また、ジョージの薬物乱用との長い闘いと、それが彼の性的欲求や行為にどのような役割を果たしたのか、あるいは果たしていないのかについても、簡単に述べたい。ゲイの男性、麻薬、セックスには緊密かつ複雑な歴史があり、私はそのいずれも無視するつもりはない。しかし、彼がセックスに前向きでオープンだったことが、単に薬物の結果や症状だったとも言いたくない。

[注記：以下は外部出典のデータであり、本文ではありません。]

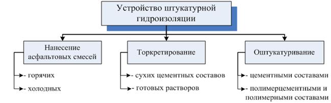 По способам устройства различают окрасочную, оклеечную, штукатурную, монтируемую, засыпную, литую, пропиточную и инъекционную гидроизоляцию.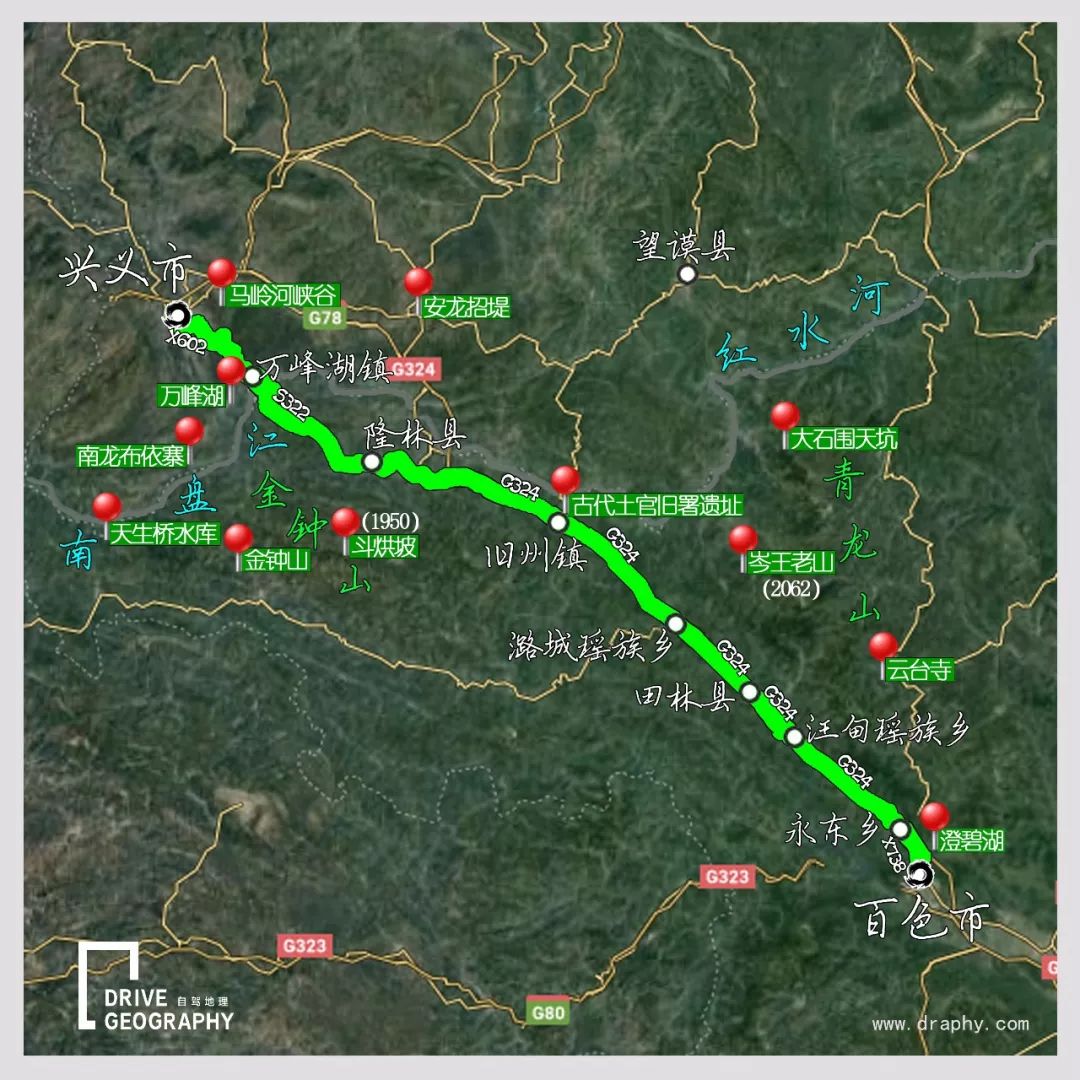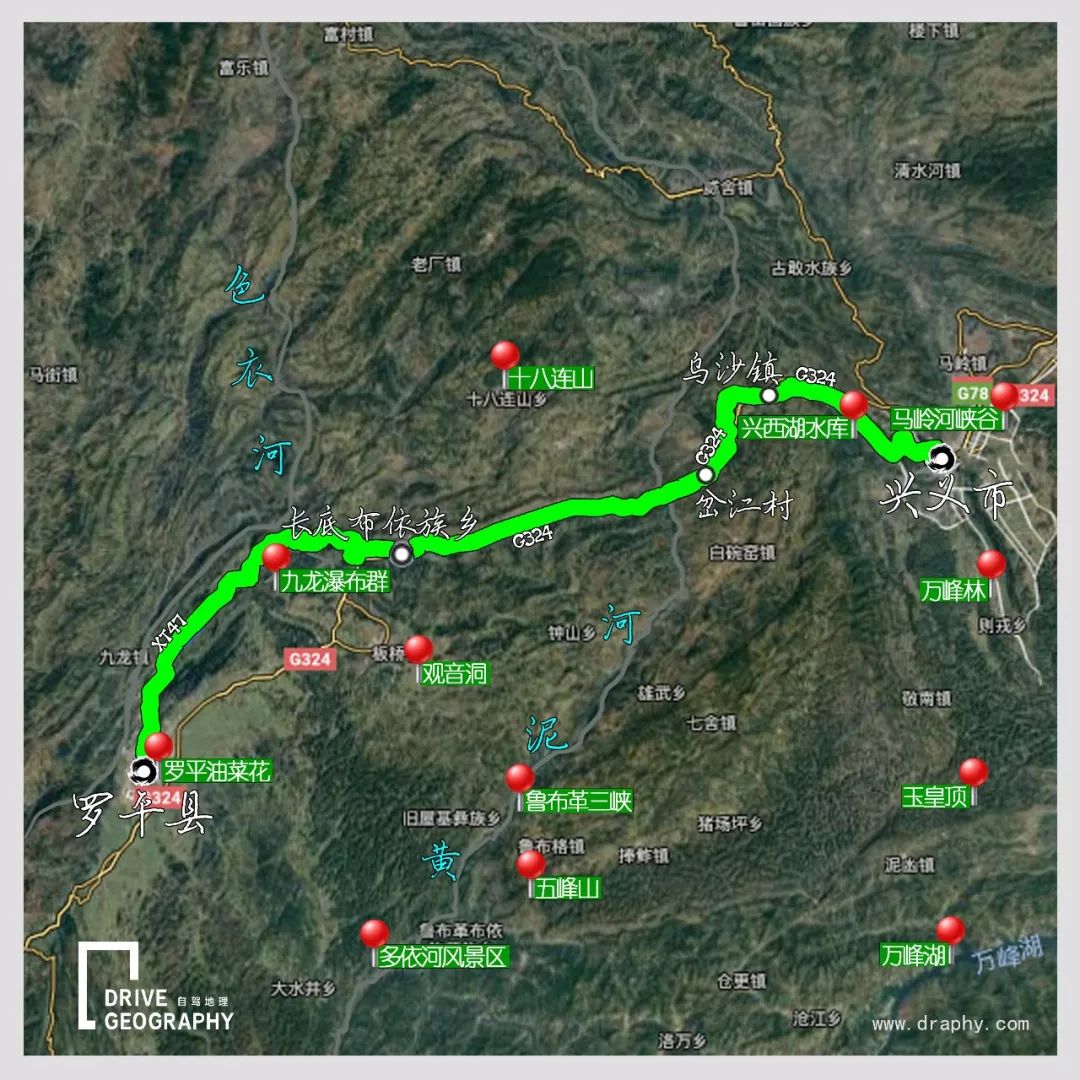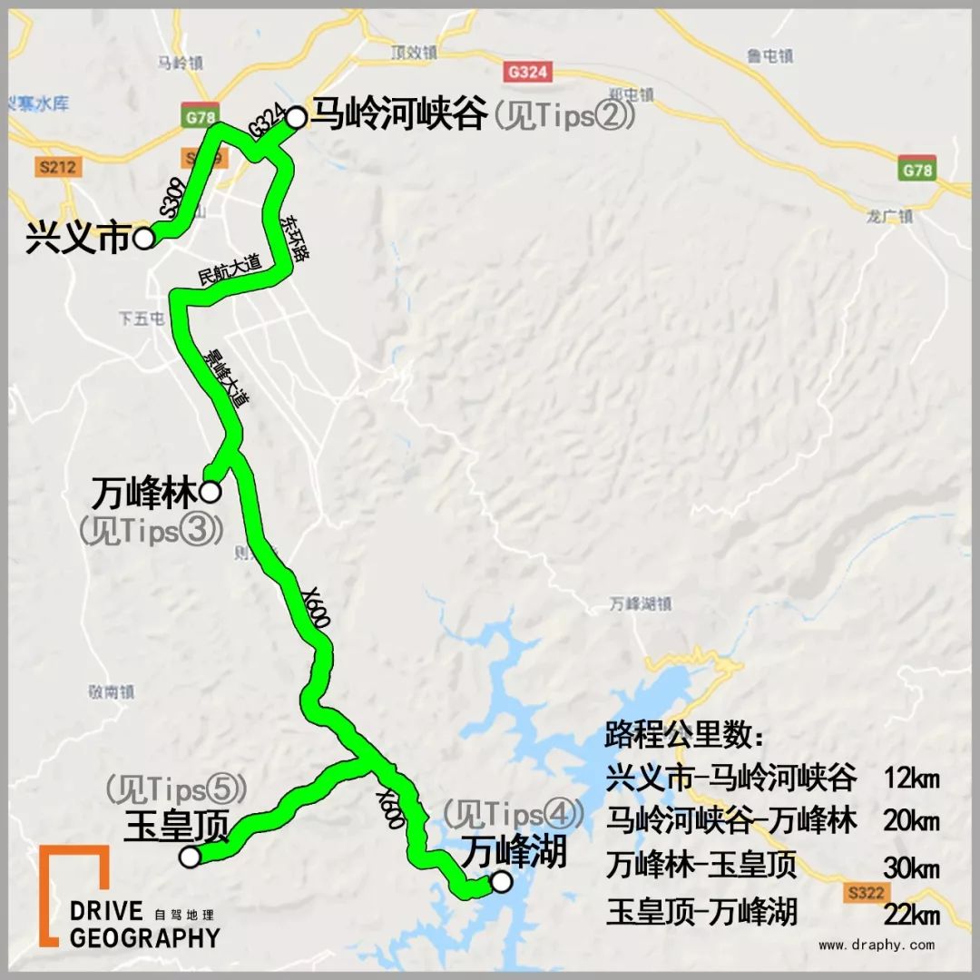 兴义至万峰湖镇为低等级盘山县道,全程在山区间蜿蜒穿行,急弯较多,注意车速。

そう、だから、ジョージ・マイケルは素晴らしい歌手で美しいソングライターだったが、同時に、自身のセクシュアリティを恥じず、セックスを愛したゲイの男性だった。彼の人生のすべてを讃えたい。音楽と性、勝利と敗北、そのすべてを。彼の生と死、どちらか片方だけに「敬意」を払いたくない。彼を讃える最良の方法は、本当はどんな人物だったか、本当は何をしたのか、そして、それが私の人生をどのように変えたかについて語ることだ。語るべきは、男性用トイレでペニスのために男漁りをしていたことを含めた、そのすべてだ。
ジョージ、あなたがしてくれたすべてに感謝する。そして、天国にいる男性陣が、かつてのあなたのように熱いことを、また、自身がふわふわの雲になって、もういろんな最高のトラブルに巻き込まれていることを、願っている。
【ハフィントンポストUS版エディトリアルディレクター、ノア・ミケルソンの寄稿】
ハフィントンポストUS版に掲載された記事を翻訳しました。